As we can see in the screenshot, it is noted that multilingual evaluations did not directly assess performance during content classification with a provided policy. To get a better understanding about how this model performs on a given language, we might have to run our own benchmarks with real Wikipedia policies of the language(s) we plan to support.

Just an FYI that we're going to test this model for T414816: [WE1.7.3] Exploration of automated verifiability checks. Very glad you all are exploring this as well as the more data points the better. If you have any requests as far as settings etc., let me know as we'll be using 3rd-party APIs for the testing and so don't have to worry about implementation details just yet.

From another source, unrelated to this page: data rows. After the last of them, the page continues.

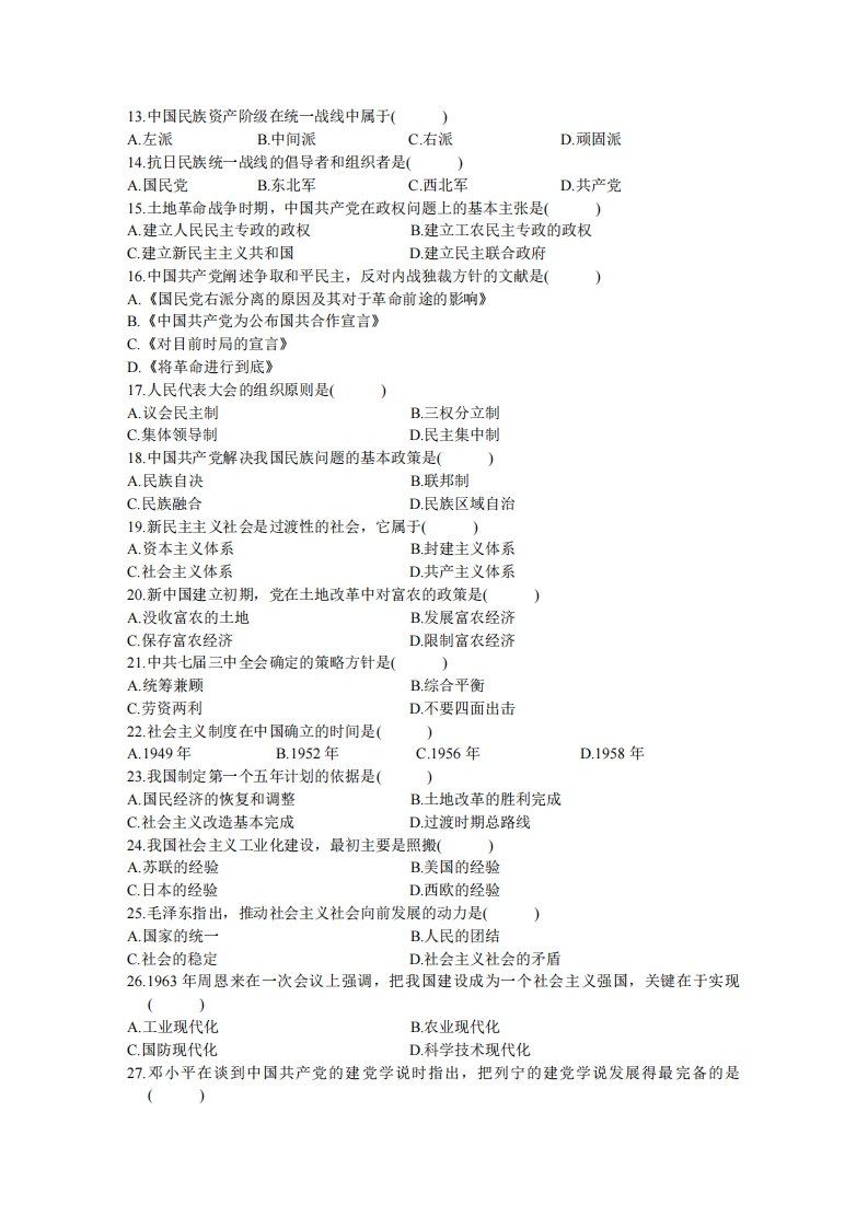 杭州师范大学钱江学院《毛泽东思想和中国特色社会主义理论体系概论》2021-2022学年第二学期期末试卷一、单项选择题(在每小题的四个备选答案中,选出一个正确答案,并将正确答案的序号填在题干的括号内。每小题1分,共30分)1.第一次提出“毛泽东思想”概念的是(A.张闻天B.王稼祥C.朱德D.刘少奇2.毛泽东《反对本本主义》一文所反对的主要错误倾向是(A.自由主义B经验主义C.教条主义D.官僚主义3.中国革命和建设的基本立足点是(A独立自主、自立更生B解放思想、实事求是C.自力更生为主,争取外援为辅D对内改革,对外开放4.就毛泽东一生来看,他的功绩和过失的比重是(A过大于功B功大于过C.功过参半D.有功无过5.中国旧民主主义革命转变为新民主主义革命的标志是(A.戊戌变法运动B.新文化运动C.五四运动D.国民革命运动6.新民主主义国家的政体是(A.议会制B.委员会制C.人民代表大会制D.政治协商制7.新民主主义经济的领导成分是(A.个体经济B.合作社经济C.国家资本主义D.国营经济8.中国共产党创建初期,主要精力是放在(A.发展党的组织B.发动工人运动C.解决土地问题D.开展军事斗争9.毛泽东批评“城市中心论”、提出“以乡村为中心”思想的文章是(A.《中国的红色政权为什么能够存在?》B.《井冈山的斗争》C.《星星之火,可以燎原》D.《反对本本主义》10.毛泽东人民战争战略战术思想的核心是(A.积极防御的思想B.集中兵力打歼灭战的思想C.战略进攻和战略决战的思想D.战略上藐视敌人,战术上重视敌人的思想11.决定共产党员以个人身份加入国民党的会议是(A.中共一大B.中共二大C.中共三大D.中共四大12.中国革命统一战线的基础是(A坚持无产阶级领导权B.制定正确的政治纲领C,建立巩固的工农联盟D实行符合实际的政策和策略
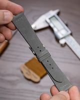 Nubuck has a soft touch with a short and even nap. It is supple and flexible from the start, but yet has just the right amount of structure. This strap is great if you are looking for something that's casual enough for all your daily activities, soft and comfortable to the touch, and an alternative to regular leather texture.
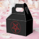 Pentagramme rouge, inversé, texturé en cercle, sur arrière - plan noir. Symbole occulte 666
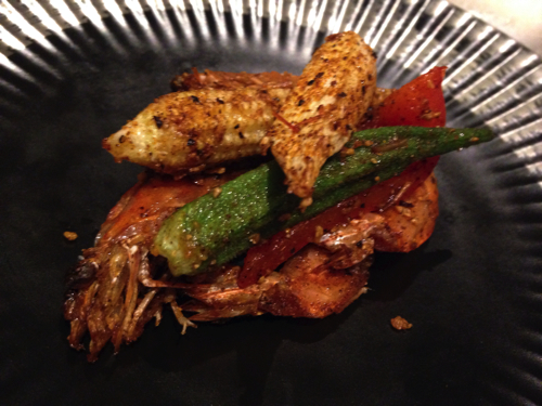 有頭海老と彩り野菜のスパイシー揚げです。その名の通り、ピリッとスパイシーな食感が舌を刺激します。ついつい紹興酒が進みます。(^^;

English only for now unfortunately on our dataset.

Closing this Task as exploration phase is complete. The key outcomes from this task:

  • Deployed and tested gpt-oss-safeguard-20b on ml-lab1002 with our custom vLLM 0.14 Docker image
  • Gathered early performance data and ran latency benchmarks across various input/output token sizes using ROCm's MAD framework
  • Investigated multilingual support limitations from OpenAI's technical report
  • Explored Roost's model-server and identified the multiprocessing crash issue

All of this fed directly into T418350, where the model is now deployed in LiftWing's experimental namespace and being tested by the users. Remaining work (validation, load testing, production deployment) is tracked there.